There is one other method we can define:

@Override
public Boolean isContinuous() {
  return false;
}

Now we are ready to package up our Source into an AddOn file, which is just a Java JAR file that contains a descriptor file. If you’re using the koverse-sdk-project example code, simply build the project using mvn install. This will produce a JAR file in the target/ directory that you can drop into the Koverse UI. See the section on Addons for more details.

Saving State

Some sources can benefit from saving the state of the last completed import job. For example a source might want to record the date of the last time it ran so it can request data that is newer than the last time it retrieved data from the external data source.

For another example, some web based APIs support paging, and a source could record the last page read so that the next time data is imported the source begins reading at the page where it left off.

The source API allows developers to retrieve saved state and specify state to be saved when each import job is completed. Developers can store one or more String values associated with a particular String key. Because a source can be used in multiple import jobs and because import jobs may consist of multiple simultaneous workers importing data in parallel, the API allows developers the ability to specify how multiple values for a given key should be combined.

To read saved state, sources should use the method of the provided ‘context’ object:

Iterable<String> getState(String key)

which returns an Iterable of String values associated with the given key.

For example, file based sources have the option to read the list of file names already imported, so that they can determine which files if any have not already been processed and import them:

if (importOnlyNewFiles) {
  importedFiles = newHashSet(context.getState(IMPORTED_FILENAMES_KEY));
}

As an example of saving state, when file based sources are done importing some set of files, they can save the filenames by implementing the stateToSave() method of the ListMapReduceSource interface:

@Override
public Iterable<SourceState> stateToSave() {
  ArrayList<SourceState> state = new ArrayList();

  if (importOnlyNewFiles) {
    state.add(new SourceState(NovelFilenameFilter.IMPORTED_FILENAMES_KEY, importedFilenames, StateStringOperator.UNIQUE));
  }


  return state;
}

In this case, we return a list of SourceState objects, of which we have only one. That SourceState object consists of a key under which we are requesting to store one or more filenames of files we just imported.
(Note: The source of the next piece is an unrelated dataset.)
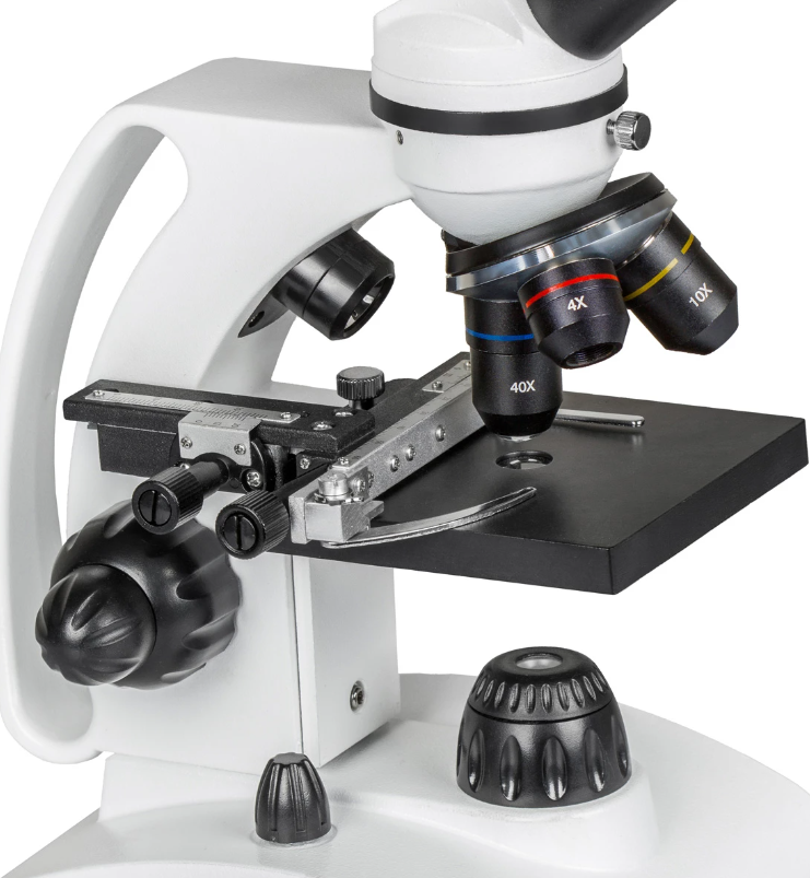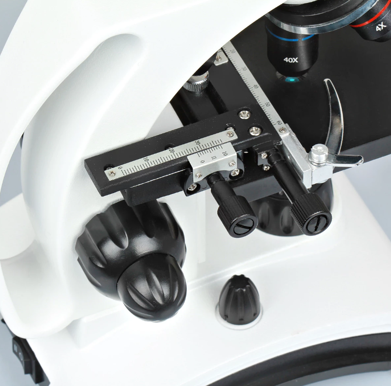 Spre deosebire de multe microscoape simple, BioLight 300 se distinge prin șuruburile de focalizare grosier și fin, precum și un mecanism de glisare (cu scară marcată).

The last component of the SourceState object is a StateStringOperator, in this case, the UNIQUE operator which requests that Koverse store only the unique set of filenames, and avoid storing duplicates.

Other StateStringOperators can be used, with the following behaviors:

ALL

store all string values associated with a given key, including duplicates if any

UNIQUE

store only the unique set of values associated with a key, removing any duplicates

MAX

store only the one value that sorts last among all values associated with a key

MIN

store only the one value that sorts first among all values associated with a key

Only String values are supported, but sources may be able to do what they need with dates by converting to a String format such as ‘YYYYMMDD HH:mm:SS’ so that the String representation of dates can be sorted in time order. This technique could be used for other non-String types as well.

Note: when overriding the stateToSave() method, subclasses may consider to calling super.stateToSave() and combining the state from the super class with its own state to preserve the behavior of the super class.